I am with you. Early bedtimes, gosh I need some time away, when will this baby learn to play on her own – and sometimes I do feel guilty. Thanks for the reminder that I don't need to. We are all different and that's OK.
I hesitate as always to write risking the eye rolls. people have it much harder than me. But Having four at once was a sacrfice…and continues to be. I had to make the sacrifice knowing the weight would primarily always be on me.
Choosing to keep all of them against recommendation, Having to give up all our savings and job just to get pregnant…then proceed to go in debt..(the NICU was in the millions)

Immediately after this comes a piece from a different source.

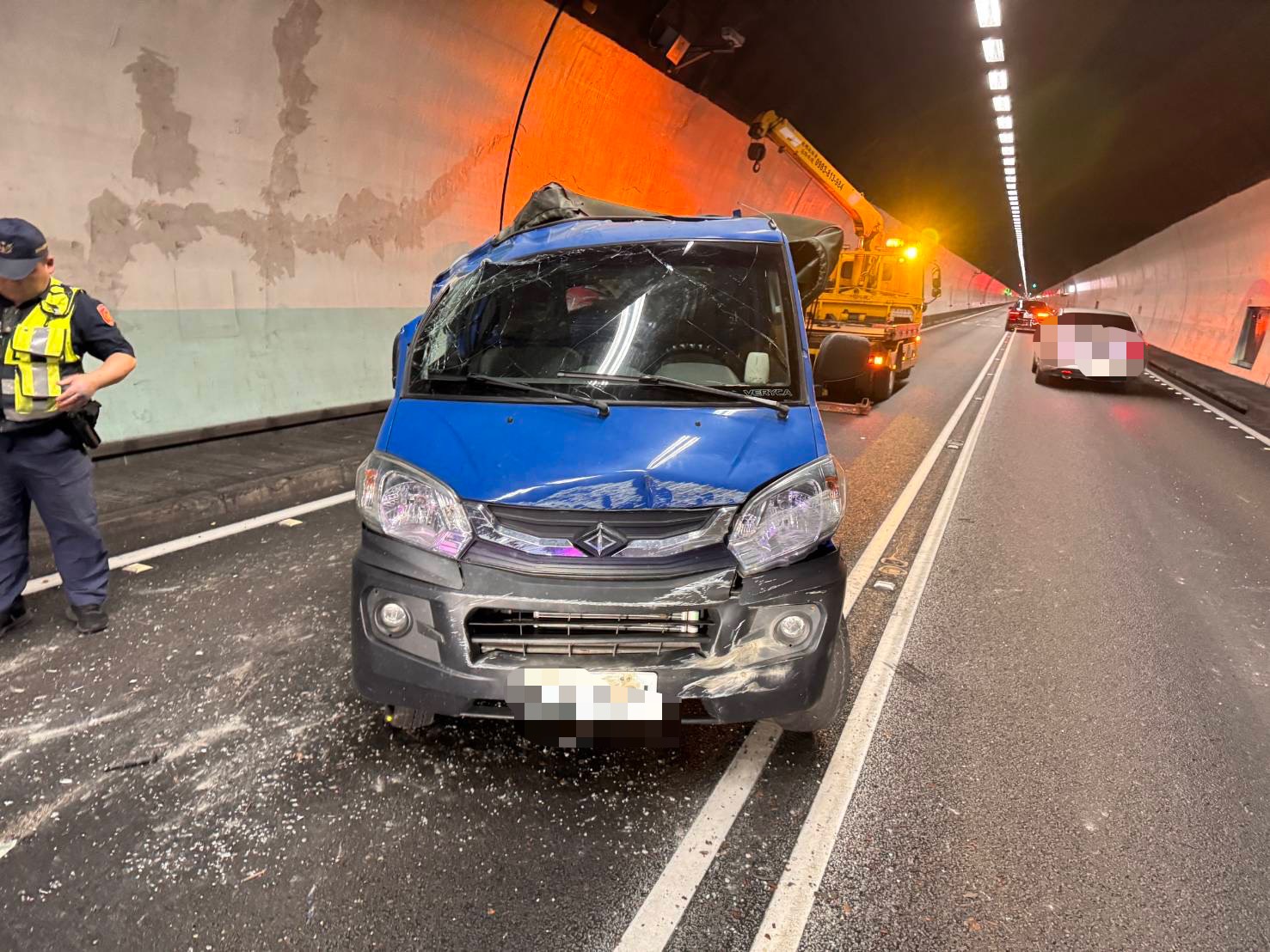 【lai傳媒、記者爆料網/周庭慶/宜蘭報導】國道5號雪山隧道內昨(3)日晚間發生一起事故!19時45分許,國道警察第九大隊接獲通報,國道5號北向20公里內側車道,小貨車疑似爆胎撞擊外側施工廊道,再失控擦撞內側牆後,橫向停在車道上。

Give up my career independance in one swoop most moms get to gradualy add one at a time adjusting to the change..this messed with my head for sure.
The kind of mom I wanted to be would have to be split 4 ways…almost no room for Hubby. First two years I spent in the rabbit hole..everyone had a comment of how to do it and about my sanity but there wasn't another option…their was no help….But from the Lord.
That "but" if i was to be honest kept us alive, and from me being on some serious meds. I am not joking on that note. Motherhood has variations for sure but if you set out to have the spirit in your home, smile more than yell, hug rather than spank you will be stretched and asked to o more than humanly possible.
It is worth it..period. I know I don't need praise, or even equality anymore..I take what i need..I hug my kids longer than they would like, i run for a shorter amount of time but harder than ever, I still go to sleep on average 1:30 am. Bitter is not an option and I think tears down anything good.
But know this mom knows how to scream into a pillow, hide in the closet and fight for a life worth living!
Amy I love that my life is almost nothing what I thought it would be when you look at it..but it is everything i hoped when it comes to what I get out of it.
Amy you are a free spirit asked to nail down her wings for the sake of her family, from the outside it looks like the experience has mad you more beautiful and free than "the simple life."